Shoveler at Southfleet
Spatule bill, and good size comparison with Mallard behind
Following the dip at Rainham Richard, JT and myself headed off towards Sandwich stopping off at Oare to enjoy the wader spectacular, with the dead Ringed Plover still in residence, Little Stint, a good number of Knot, Golden Plover, a super Hobby sitting on a post and a mass of Blackwits. With a freshening wind Richard suggested that we have a look on the Swale and within minutes we picked up 2 Arctic Skuas that headed inland over the flood followed shortly after by another 3, but incredibly minutes later at 1425 a cracking adult full hooded Sabine's Gull steamed across in front of us with a small group of Sandwich Terns and performed admirably in front of us as it flew up the Swale towards Conyer, a stunning bird and reward for our lengthy sea watch. On Sunday I briefly visited the RSPB Birdfair at Bromhey Farm and Northward Hill before heading off to Allhallows.
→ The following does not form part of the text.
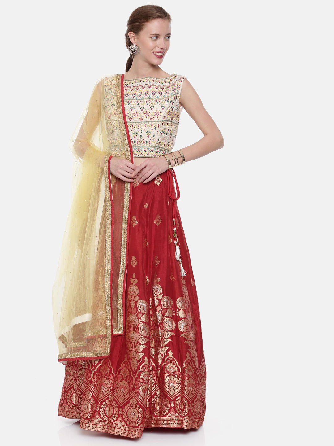 Neerus Beige & Maroon Embroidered Lehenga Set

Martin is looking very dapper in front of the KOS stall, good to see so many people at the fair enjoying themselves most of them staying dry and out of the ditches!! see http://www.freewebs.com/jameshunter2/wildlifeblog.htm

Allhallows was incredibly quiet, this Black Tern was one of the best birds plus a Med Gull, 2 Whichat and 2 Wheatear whilst waders were virtually non existent despite it being a very high tide. September is now upon us, let's see what that brings!!